__Data to process__.
────────

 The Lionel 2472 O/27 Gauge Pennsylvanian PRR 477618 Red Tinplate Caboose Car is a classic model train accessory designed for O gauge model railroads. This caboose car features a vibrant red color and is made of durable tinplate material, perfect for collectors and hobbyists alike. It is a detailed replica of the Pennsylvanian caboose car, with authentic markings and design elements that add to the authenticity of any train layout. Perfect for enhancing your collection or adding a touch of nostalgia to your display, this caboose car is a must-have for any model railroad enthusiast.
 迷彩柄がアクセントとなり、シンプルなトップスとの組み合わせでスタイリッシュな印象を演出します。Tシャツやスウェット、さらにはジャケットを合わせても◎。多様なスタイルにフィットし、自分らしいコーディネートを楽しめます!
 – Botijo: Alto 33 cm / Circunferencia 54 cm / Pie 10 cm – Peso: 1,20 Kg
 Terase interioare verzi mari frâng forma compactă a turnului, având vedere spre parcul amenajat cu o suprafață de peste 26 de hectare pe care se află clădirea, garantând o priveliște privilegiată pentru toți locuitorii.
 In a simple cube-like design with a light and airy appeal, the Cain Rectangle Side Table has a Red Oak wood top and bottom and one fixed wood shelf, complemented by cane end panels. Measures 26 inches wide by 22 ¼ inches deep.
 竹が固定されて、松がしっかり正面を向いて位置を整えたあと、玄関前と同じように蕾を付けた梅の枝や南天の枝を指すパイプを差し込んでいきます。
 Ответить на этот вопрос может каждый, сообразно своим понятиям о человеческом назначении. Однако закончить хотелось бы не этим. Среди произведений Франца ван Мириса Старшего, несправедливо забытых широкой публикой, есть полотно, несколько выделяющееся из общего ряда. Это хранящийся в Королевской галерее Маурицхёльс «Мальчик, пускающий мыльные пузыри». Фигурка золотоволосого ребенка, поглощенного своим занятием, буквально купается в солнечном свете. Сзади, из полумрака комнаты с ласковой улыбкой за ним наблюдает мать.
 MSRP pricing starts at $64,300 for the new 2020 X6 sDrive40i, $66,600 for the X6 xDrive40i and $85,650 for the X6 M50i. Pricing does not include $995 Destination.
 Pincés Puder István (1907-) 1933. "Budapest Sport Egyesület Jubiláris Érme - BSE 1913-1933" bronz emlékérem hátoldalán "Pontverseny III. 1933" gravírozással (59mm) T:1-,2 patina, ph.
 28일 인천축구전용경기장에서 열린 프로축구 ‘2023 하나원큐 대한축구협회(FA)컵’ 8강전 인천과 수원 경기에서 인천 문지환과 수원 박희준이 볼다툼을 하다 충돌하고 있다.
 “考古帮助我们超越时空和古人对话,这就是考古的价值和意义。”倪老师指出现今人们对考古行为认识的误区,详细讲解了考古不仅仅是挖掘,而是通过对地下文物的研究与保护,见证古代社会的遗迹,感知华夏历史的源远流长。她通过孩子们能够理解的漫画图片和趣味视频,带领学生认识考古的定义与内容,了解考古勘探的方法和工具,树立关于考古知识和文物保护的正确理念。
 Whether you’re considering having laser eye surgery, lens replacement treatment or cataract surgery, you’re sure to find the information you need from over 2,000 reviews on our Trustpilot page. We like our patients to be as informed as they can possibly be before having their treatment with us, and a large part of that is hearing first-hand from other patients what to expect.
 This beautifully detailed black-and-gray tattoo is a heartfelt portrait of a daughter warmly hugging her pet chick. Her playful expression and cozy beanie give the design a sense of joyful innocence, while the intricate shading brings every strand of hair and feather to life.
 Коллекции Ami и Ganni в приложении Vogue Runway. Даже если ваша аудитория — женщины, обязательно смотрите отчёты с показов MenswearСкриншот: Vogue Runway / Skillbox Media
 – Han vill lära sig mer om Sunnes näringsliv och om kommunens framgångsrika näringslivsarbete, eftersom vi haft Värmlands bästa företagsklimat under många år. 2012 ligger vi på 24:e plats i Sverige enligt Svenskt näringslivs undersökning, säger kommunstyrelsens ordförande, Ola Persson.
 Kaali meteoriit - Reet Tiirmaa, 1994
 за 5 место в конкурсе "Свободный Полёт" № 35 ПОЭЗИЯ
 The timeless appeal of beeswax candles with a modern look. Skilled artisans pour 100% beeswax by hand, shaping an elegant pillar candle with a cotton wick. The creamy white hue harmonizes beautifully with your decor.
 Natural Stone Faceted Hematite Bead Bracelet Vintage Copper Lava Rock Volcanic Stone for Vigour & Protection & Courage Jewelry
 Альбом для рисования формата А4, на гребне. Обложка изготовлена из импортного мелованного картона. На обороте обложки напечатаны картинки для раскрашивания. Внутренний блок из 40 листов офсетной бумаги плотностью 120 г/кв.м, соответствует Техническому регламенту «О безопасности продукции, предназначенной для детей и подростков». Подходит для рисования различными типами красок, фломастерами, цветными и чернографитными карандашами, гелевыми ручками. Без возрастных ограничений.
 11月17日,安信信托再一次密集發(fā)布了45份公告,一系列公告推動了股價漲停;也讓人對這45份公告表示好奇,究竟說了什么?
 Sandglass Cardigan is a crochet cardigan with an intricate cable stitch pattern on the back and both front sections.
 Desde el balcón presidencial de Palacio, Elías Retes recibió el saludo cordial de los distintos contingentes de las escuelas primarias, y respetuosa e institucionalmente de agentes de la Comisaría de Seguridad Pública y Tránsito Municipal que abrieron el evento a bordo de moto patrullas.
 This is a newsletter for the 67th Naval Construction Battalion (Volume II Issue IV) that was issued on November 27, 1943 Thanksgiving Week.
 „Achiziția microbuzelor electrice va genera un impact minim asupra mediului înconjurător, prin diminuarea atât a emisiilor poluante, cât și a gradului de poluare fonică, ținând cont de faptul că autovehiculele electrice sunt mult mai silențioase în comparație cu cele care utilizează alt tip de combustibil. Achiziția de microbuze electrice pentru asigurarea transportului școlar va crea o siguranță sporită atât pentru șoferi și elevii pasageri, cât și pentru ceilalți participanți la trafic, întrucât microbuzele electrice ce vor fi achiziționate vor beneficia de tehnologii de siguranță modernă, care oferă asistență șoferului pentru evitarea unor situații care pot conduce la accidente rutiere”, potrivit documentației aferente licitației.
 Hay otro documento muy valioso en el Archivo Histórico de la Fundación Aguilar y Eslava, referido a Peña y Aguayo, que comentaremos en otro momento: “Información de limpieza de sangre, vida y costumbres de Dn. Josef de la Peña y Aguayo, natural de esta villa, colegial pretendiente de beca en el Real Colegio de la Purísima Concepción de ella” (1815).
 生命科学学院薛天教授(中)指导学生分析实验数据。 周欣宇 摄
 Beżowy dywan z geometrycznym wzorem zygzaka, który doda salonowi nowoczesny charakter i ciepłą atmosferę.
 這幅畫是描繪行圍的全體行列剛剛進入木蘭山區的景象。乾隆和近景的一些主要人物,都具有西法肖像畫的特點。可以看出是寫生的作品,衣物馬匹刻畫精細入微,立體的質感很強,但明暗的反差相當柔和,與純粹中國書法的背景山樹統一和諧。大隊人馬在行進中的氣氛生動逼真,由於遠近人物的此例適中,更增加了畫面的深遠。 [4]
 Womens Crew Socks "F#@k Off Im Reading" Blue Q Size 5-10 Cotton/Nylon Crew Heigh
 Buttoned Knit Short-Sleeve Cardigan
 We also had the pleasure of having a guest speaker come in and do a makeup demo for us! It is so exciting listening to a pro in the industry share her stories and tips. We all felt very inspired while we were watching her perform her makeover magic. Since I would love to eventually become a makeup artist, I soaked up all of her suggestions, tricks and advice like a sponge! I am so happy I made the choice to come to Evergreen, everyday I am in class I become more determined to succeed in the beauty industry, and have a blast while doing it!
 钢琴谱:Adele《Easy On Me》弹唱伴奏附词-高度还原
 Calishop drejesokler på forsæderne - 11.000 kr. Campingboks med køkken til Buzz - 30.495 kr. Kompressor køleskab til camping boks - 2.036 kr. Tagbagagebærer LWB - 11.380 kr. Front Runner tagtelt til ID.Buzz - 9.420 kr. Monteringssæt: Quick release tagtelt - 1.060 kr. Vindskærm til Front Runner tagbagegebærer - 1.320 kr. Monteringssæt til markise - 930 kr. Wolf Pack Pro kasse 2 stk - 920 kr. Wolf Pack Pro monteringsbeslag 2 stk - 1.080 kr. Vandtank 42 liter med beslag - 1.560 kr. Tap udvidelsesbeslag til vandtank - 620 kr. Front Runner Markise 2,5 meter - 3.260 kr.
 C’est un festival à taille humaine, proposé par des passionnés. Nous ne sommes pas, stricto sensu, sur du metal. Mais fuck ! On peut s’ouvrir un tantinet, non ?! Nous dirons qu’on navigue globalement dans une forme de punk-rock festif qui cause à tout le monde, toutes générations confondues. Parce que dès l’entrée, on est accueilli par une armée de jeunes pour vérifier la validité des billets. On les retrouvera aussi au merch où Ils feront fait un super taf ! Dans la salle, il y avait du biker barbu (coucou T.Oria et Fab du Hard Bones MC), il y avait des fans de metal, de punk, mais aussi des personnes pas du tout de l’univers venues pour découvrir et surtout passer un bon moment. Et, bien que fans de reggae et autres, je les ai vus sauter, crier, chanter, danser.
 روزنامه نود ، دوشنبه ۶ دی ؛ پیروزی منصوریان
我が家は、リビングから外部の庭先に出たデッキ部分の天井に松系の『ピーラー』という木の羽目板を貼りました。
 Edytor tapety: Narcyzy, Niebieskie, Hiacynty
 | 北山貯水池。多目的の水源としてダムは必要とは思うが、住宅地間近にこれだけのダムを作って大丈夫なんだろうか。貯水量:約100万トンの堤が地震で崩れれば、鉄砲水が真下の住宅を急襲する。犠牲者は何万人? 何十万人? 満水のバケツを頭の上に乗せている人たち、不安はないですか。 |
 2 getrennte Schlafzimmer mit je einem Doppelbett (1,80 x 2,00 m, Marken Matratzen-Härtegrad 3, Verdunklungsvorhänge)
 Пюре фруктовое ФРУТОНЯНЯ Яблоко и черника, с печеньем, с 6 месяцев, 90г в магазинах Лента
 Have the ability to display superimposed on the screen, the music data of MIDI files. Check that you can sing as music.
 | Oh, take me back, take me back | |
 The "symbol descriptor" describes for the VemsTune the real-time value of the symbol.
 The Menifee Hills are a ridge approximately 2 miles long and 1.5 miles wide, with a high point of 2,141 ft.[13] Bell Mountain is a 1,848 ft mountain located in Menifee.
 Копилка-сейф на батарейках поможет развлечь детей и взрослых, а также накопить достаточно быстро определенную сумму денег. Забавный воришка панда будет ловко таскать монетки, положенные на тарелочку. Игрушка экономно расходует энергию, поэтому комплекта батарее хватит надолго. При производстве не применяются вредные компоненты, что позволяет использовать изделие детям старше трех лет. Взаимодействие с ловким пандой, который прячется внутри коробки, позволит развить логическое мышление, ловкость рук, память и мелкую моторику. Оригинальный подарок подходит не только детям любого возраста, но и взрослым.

────────

__Your task__.
What lines in the material above hold the string "appeal"? List them.

__Response__.
 In a simple cube-like design with a light and airy appeal, the Cain Rectangle Side Table has a Red Oak wood top and bottom and one fixed wood shelf, complemented by cane end panels. Measures 26 inches wide by 22 ¼ inches deep.
 The timeless appeal of beeswax candles with a modern look. Skilled artisans pour 100% beeswax by hand, shaping an elegant pillar candle with a cotton wick. The creamy white hue harmonizes beautifully with your decor.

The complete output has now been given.